Richard Wentworth : "Dans l’oeuvre d’Azzedine, on a le sentiment que tout est sculptural : il nous rend sensible aux poids et aux mesures des différents tissus. Ce qui lie fortement son oeuvre à la sculpture, c’est son sens remarquable de la figure individuelle. Je pense aussi qu’il a un sens exceptionnel du collectif. Quand on assiste à une présentation, on assiste à une chose très, très ancienne : une procession. On voit des gens qui se suivent les uns les autres. Le cérémonial. Les humains sont des êtres de procession. Quand j’ai vu les mannequins arriver, je me suis dit d’un coup : "Mon Dieu, nous sommes en Grèce antique". Elles sont comme une sorte de choeur, même si elles sont indépendantes les unes des autres. (…) La raison pour laquelle ce que fait Azzedine est si remarquable, c’est qu’il rend tout le monde gracieux".
Azzedine Alaïa : "Richard Wentworth était comme un tigre, prêt à sauter sur l’image"

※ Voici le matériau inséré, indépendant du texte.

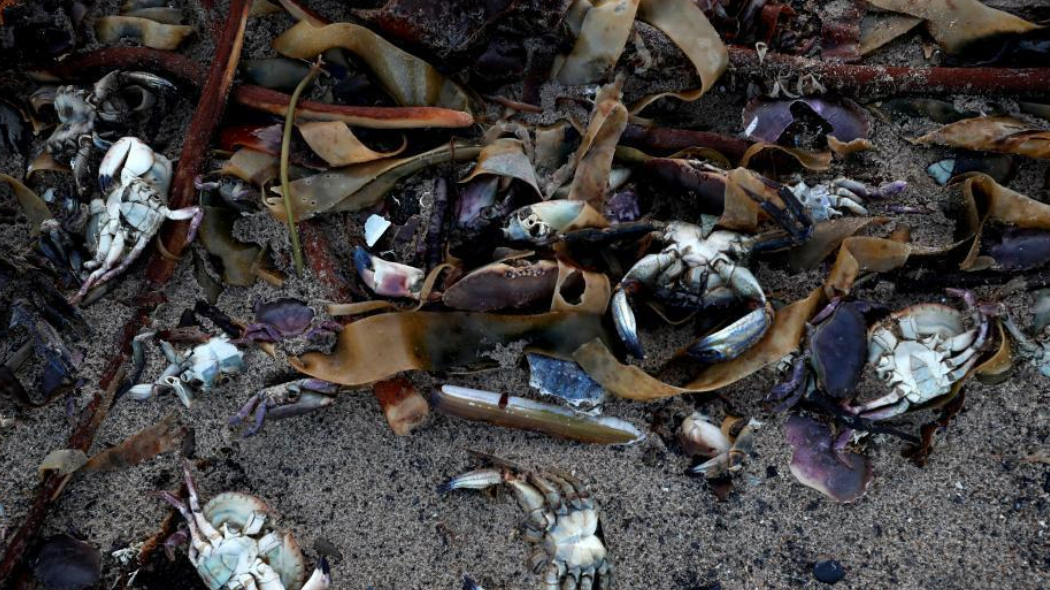 当地时间10月31日,英国Saltburn的海滩,人们发现大量海洋生物尸体被冲上岸。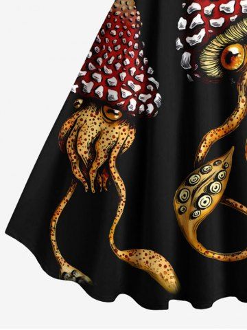 Plus Size Squid Mushroom Print Hawaii A Line Tank Dress - Black - S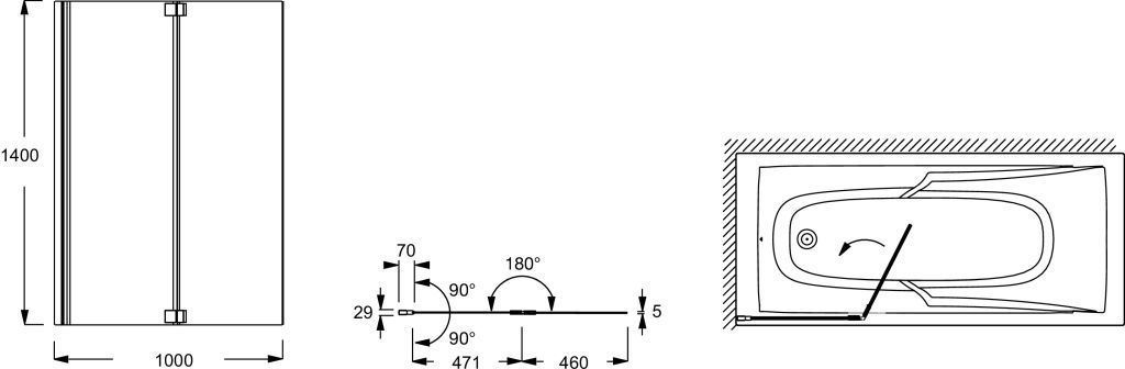 Шторка для ванны Jacob Delafon Adequation E4931-GA 1000х1400 мм. Цвет профиля – хром, цвет стекла – прозрачное, 6 мм.

"Dans les photos qu’il a prises, il n’a jamais gêné personne : il était comme un tigre, prêt à sauter sur l’image. Mais avec beaucoup de tendresse. Il était avec nous dans la préparation des collections : nous avons pu travailler en toute tranquillité, et il était là. On ne le sentait pas. En voyant ensemble les photographies qu’il a rassemblées, de choses que nous faisons sans même y penser, et que nous vivons sans nous rendre compte, j’ai été fasciné par sa précision. En voyant les images tirées et devenir des photos, en les voyant ensuite dans ce livre, je me suis rendu compte que sa générosité était aussi absolument exacte : il n’y a pas une image commune. Il sait bien voir. Il n’a pas un oeil de voyeur mais un oeil de découvreur. Richard m’a appris à regarder les choses différemment : dans la maison et à l’extérieur, quand je vois certains détails, je pense à lui, et je me dis qu’il saurait les voir. Je lui suis redevable de nous avoir donné cette leçon, et je suis impatient de sa prochaine visite" a expliqué Azzedine Alaïa.Azzedine Alaïa, une oeuvre indémodable
Lui a commencé à Tunis en faisant les travaux de couture de sa soeur, puis en travaillant chez une couturière afin de payer ses études. A Paris, il fait du sur-mesure pour des clientes prestigieuses et stylées, comme Louise de Vilmorin, Arletty, qui l'a beaucoup inspiré, et Greta Garbo. Azzedine Alaïa y a présenté sa première collection en 1981.Cet apprentissage, "c'est sa force", avait expliqué Olivier Saillard (lors de l'exposition Alaïa au Palais Galliera) : "il maîtrise toutes les étapes de création d'un vêtement". Le couturier est diplômé de sculpture. Et cela se sentait dans les silhouettes exposées. "Il privilégie les hanches, les fesses, la taille, le décolleté", avait encore souligné Olivier Saillard. "Il maîtrise le corps humain".
Alaïa sublime le corps féminin. Il rend sexy les trop rondes comme les trop minces !
Si il est l'un des couturiers les plus adulés, Azzedine Alaïa reste en dehors de la frénétique planète mode. Ce sculpteur du corps féminin ne court pas après la nouveauté, il préfère "les vêtements qui durent". "Je fais tous les patrons, je couds parfois", expliquait-il en septembre 2013. Plus que dessiner, il aime créer les robes à même le corps des femmes. Les silhouettes Alaïa semblent d'ailleurs hors temps.